◆ **Source information**
Start of Block

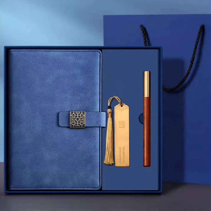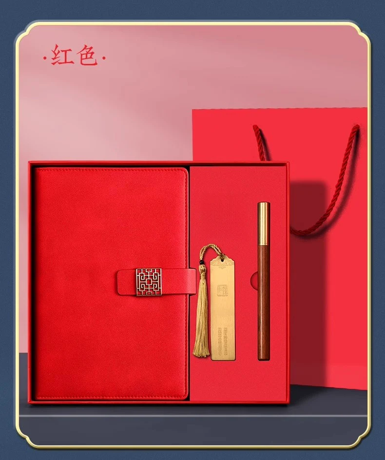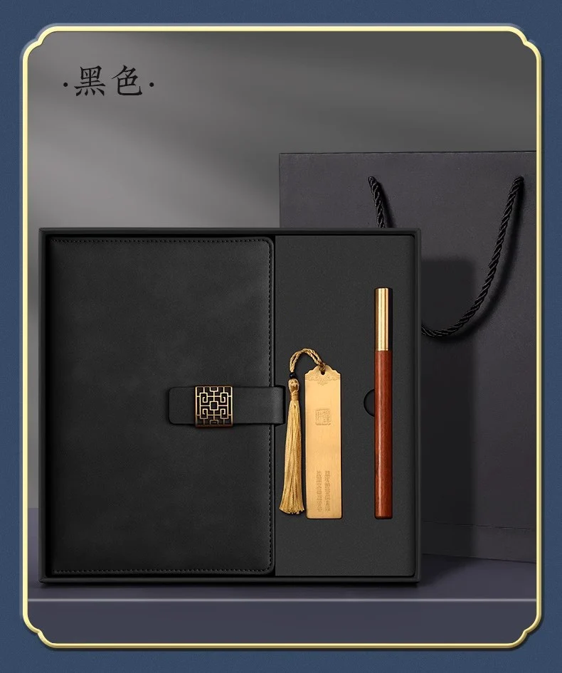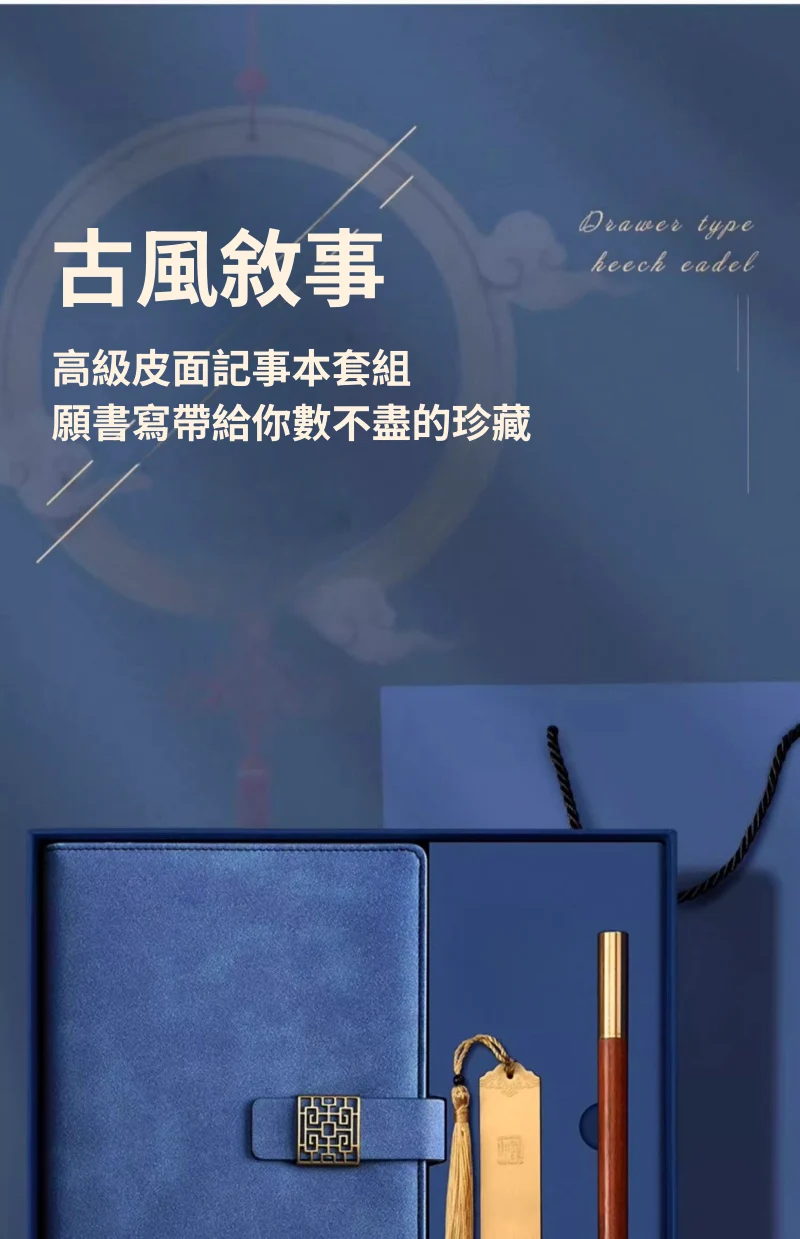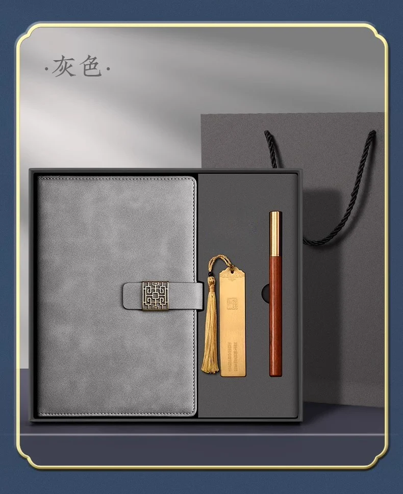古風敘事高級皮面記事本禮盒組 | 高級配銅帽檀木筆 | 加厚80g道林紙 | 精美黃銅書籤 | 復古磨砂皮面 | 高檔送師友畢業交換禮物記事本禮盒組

End of Block
Start of Block

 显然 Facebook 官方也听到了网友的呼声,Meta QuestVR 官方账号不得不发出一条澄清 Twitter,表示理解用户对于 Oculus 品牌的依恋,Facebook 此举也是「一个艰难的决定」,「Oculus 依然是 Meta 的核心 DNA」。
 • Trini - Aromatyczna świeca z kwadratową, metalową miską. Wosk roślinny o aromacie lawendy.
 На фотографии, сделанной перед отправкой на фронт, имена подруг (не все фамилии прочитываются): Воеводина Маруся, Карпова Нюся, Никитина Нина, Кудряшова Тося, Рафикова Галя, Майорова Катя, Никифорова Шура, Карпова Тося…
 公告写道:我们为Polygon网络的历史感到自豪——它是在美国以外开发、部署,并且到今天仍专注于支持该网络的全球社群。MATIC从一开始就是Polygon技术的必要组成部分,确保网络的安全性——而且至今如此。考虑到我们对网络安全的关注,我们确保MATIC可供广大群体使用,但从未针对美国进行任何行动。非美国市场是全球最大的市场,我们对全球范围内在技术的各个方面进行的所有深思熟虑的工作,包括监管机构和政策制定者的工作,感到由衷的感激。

End of Block

◆ **About this exercise**
In the listing above, locate the line containing "o aromacie lawendy." and the line containing "公告写道:我们为Polygo", then transcribe both and every line between them verbatim.

◆ **Written response**
 • Trini - Aromatyczna świeca z kwadratową, metalową miską. Wosk roślinny o aromacie lawendy.
 На фотографии, сделанной перед отправкой на фронт, имена подруг (не все фамилии прочитываются): Воеводина Маруся, Карпова Нюся, Никитина Нина, Кудряшова Тося, Рафикова Галя, Майорова Катя, Никифорова Шура, Карпова Тося…
 公告写道:我们为Polygon网络的历史感到自豪——它是在美国以外开发、部署,并且到今天仍专注于支持该网络的全球社群。MATIC从一开始就是Polygon技术的必要组成部分,确保网络的安全性——而且至今如此。考虑到我们对网络安全的关注,我们确保MATIC可供广大群体使用,但从未针对美国进行任何行动。非美国市场是全球最大的市场,我们对全球范围内在技术的各个方面进行的所有深思熟虑的工作,包括监管机构和政策制定者的工作,感到由衷的感激。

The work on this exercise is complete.